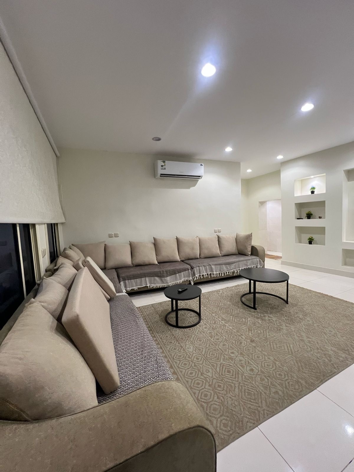 شقة أنيقة بتصميم عصري وألوان هادئة تتميز بصالة واسعة وكنب مريّح للاسترخاء يمنح المكان الراحة والفخامه
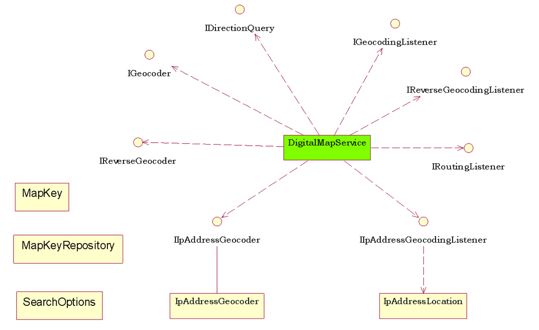 DigitalMap introduces Map Services like Geocoding, Reverse Geocoding and Routing service. It supports incorporate different Map Services implementation.
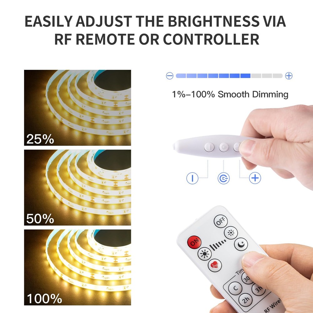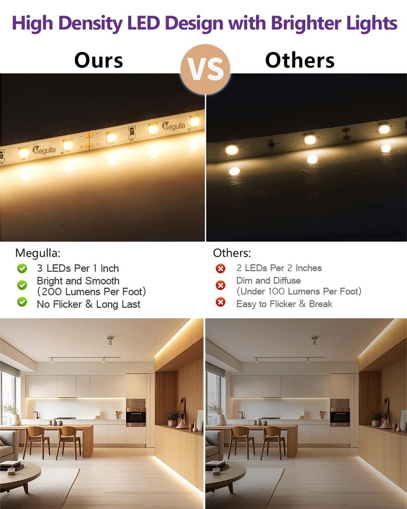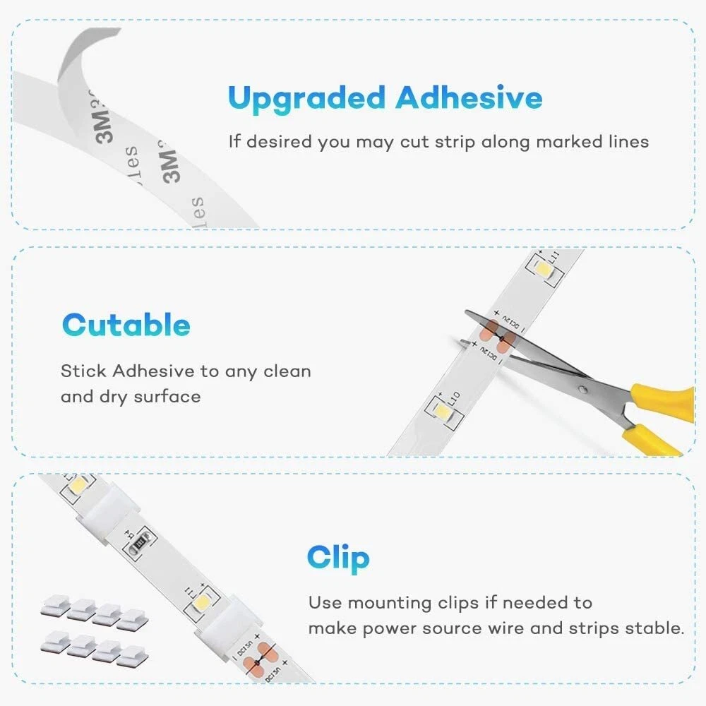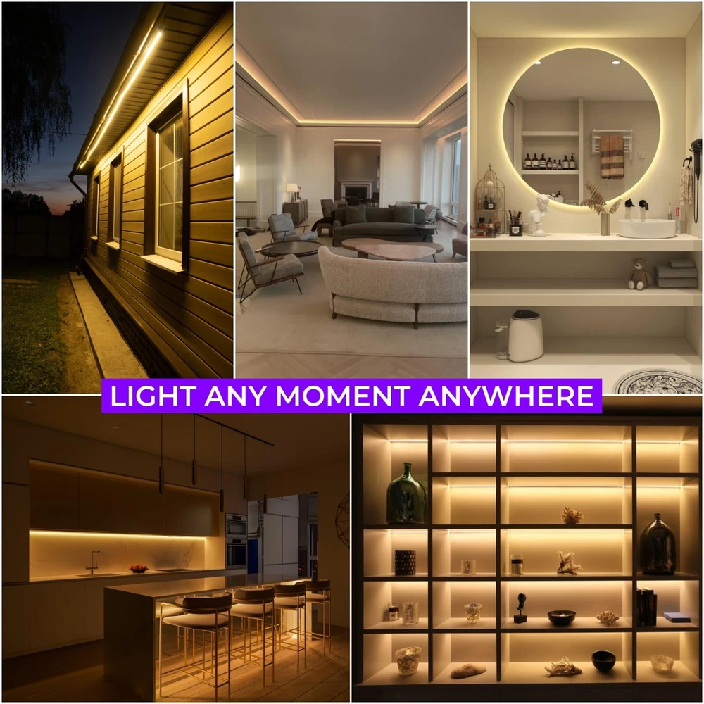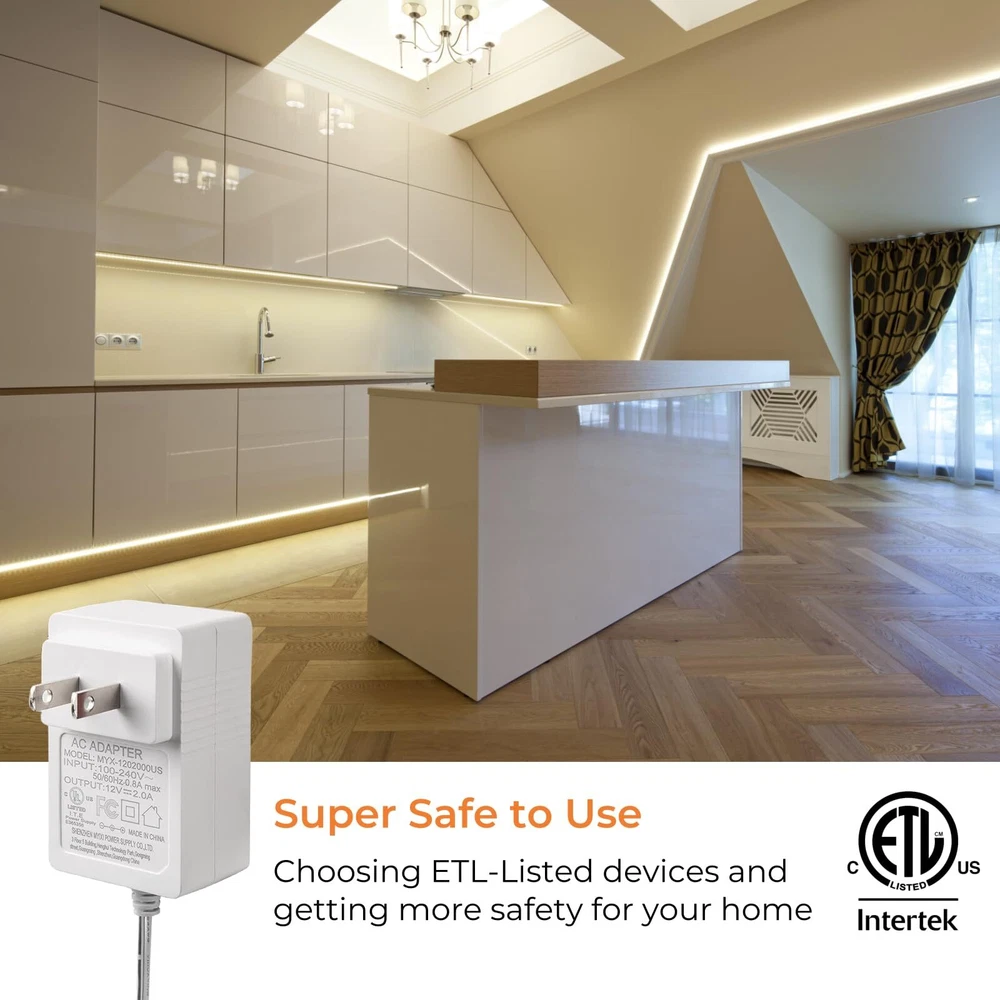 HIGH QUALITY LED STRIP LIGHTS - Designed with double sided PCB 2835 LED lights, more durable and reliable for use with many applications. More than 50000Hours (5 Years) lifespan, these discreet strips feature closely packed LEDs for a smooth, even light without any spotting. UPGRADED LED TAPE ADHESIVE - Compared with other non-high quality LED strip lights, we use high-quality blue strong adhesive backing with heat resistance, strong viscosity and integration. Please contact customer service emails for any LED light strip with adhesive problems. We will accommodate a solution that best fits your projects and needs. SIMPLE AND EASY TO USE - Working for 24V voltage, Rated Power 24W. Please note that the total wattage of the LED strip should not exceed the maximum wattage of the power adapter. Doing so may cause the LED lights to flicker or the Lights to be dim. DIMMABLE and FLEXIBLE - These LED strips are great for a variety of indoor / interior uses including under-cabinet lighting in kitchens, ambient accent lighting in bedrooms, lighting toekicks in bathrooms, or adding a backlighting source to displays, decorations, or book shelves, you are only limited by your imagination. QUALITY ETL-LISTED. Backed by one year from for peace of mind. Contact our customer service team at any time for no-hassle troubleshooting and replacement or for any questions about purchasing or installation. 💡Please note that 3000k warm white led strip light packaging may change without prior notice, but rest assured, our commitment to quality remains constant.
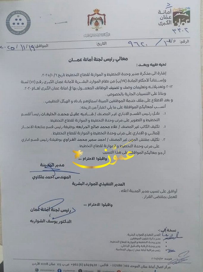 عمون - وافق رئيس لجنة أمانة عمان الكبرى الدكتور يوسف الشواربة على تنسيب مدير المدينة المهندس احمد ملكاوي، المتضمن نقل رئيس قسم غير إداري، وتكليف كاتب بوظيفة رئس قسم متابعة الإنجاز. |
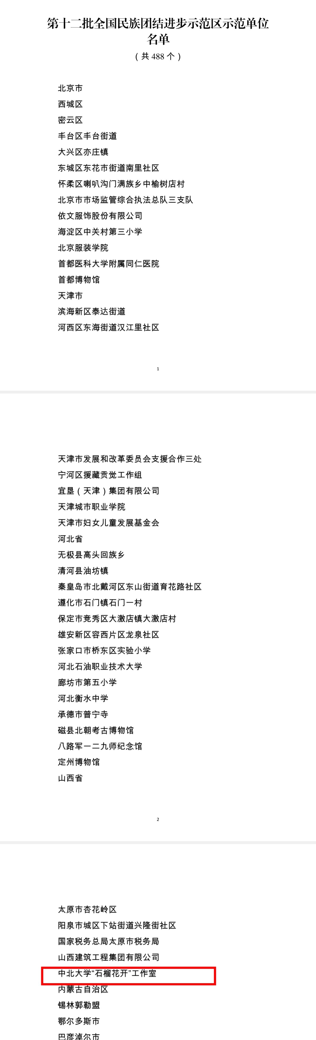 在1月29日召开的全国民委主任会议上,宣读了《国家民委关于命名第十二批全国民族团结进步示范区示范单位的决定》。我校人文社会科学学院加俊老师主持的中北大学“石榴花开”工作室成功入选第十二批全国民族团结进步示范单位,成为山西省入选“第十二批全国民族团结进步示范区示范单位的5个单位(地区)之一,也是全省教育系统唯一入选单位。
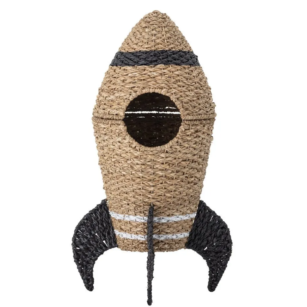 Nutze diesen wundervollen, handbemalten Korb Cosmina von Bloomingville Mini als praktische Aufbewahrungsmöglichkeit im Kinder Zimmer. In Form einer Rakete macht es mit diesem Korb aus Seegras und Rattan sogar Spaß aufzuräumen. Er bietet Platz für Spielzeug, Kuscheldecken oder Wäsche.
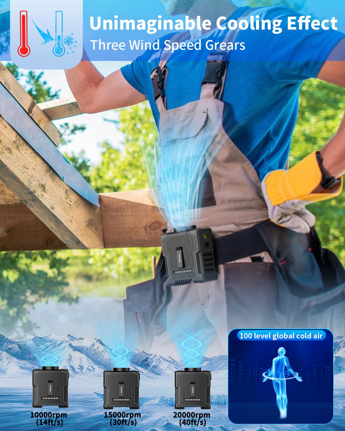 Q: What is the maximum airflow speed of the EasyAcc Waist Fan?A: The EasyAcc Waist Fan features an upgraded maximum airflow speed of up to 20000 RPM, making it 100% more powerful than other portable waist clip fans.
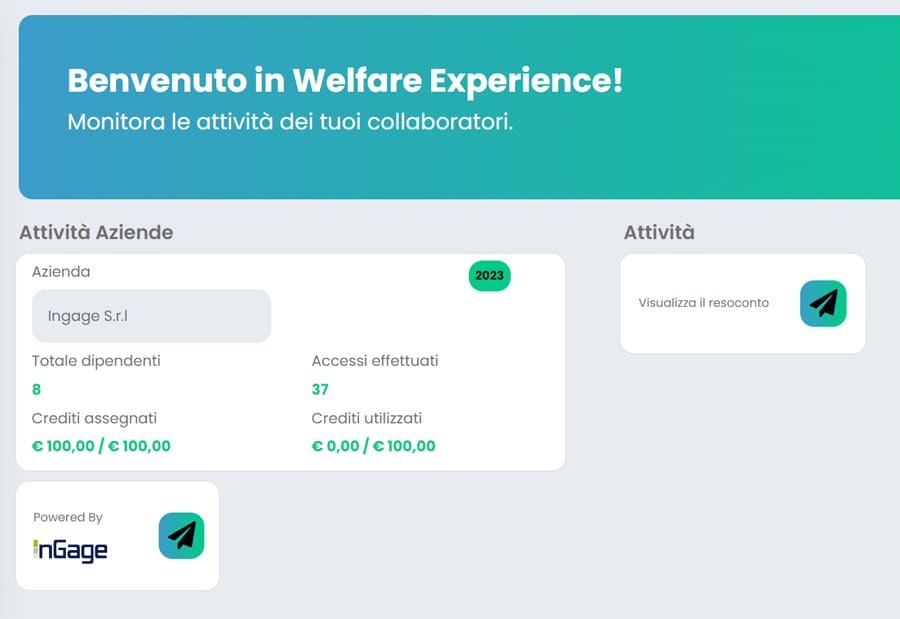 Assolutamente, hai il controllo totale con Welfare Experience. Sia che tu sia un'azienda o un consulente aziendale che gestisce più aziende, hai il potere di guidare autonomamente ogni fase dell'implementazione del piano di welfare aziendale. Puoi monitorare con attenzione i crediti assegnati a ciascun dipendente coinvolto. Questo significa che puoi attribuire il credito spendibile in qualsiasi momento dell'anno o effettuare storni in base alle specifiche esigenze della tua azienda.

_ _ _

In the data above, find the line containing "عمون - وافق" and the line containing "Q: What is the". Repeat those two lines and everything between them exactly, minus the pictures.

[Solved exercise]:
 عمون - وافق رئيس لجنة أمانة عمان الكبرى الدكتور يوسف الشواربة على تنسيب مدير المدينة المهندس احمد ملكاوي، المتضمن نقل رئيس قسم غير إداري، وتكليف كاتب بوظيفة رئس قسم متابعة الإنجاز. |
 在1月29日召开的全国民委主任会议上,宣读了《国家民委关于命名第十二批全国民族团结进步示范区示范单位的决定》。我校人文社会科学学院加俊老师主持的中北大学“石榴花开”工作室成功入选第十二批全国民族团结进步示范单位,成为山西省入选“第十二批全国民族团结进步示范区示范单位的5个单位(地区)之一,也是全省教育系统唯一入选单位。
 Nutze diesen wundervollen, handbemalten Korb Cosmina von Bloomingville Mini als praktische Aufbewahrungsmöglichkeit im Kinder Zimmer. In Form einer Rakete macht es mit diesem Korb aus Seegras und Rattan sogar Spaß aufzuräumen. Er bietet Platz für Spielzeug, Kuscheldecken oder Wäsche.
 Q: What is the maximum airflow speed of the EasyAcc Waist Fan?A: The EasyAcc Waist Fan features an upgraded maximum airflow speed of up to 20000 RPM, making it 100% more powerful than other portable waist clip fans.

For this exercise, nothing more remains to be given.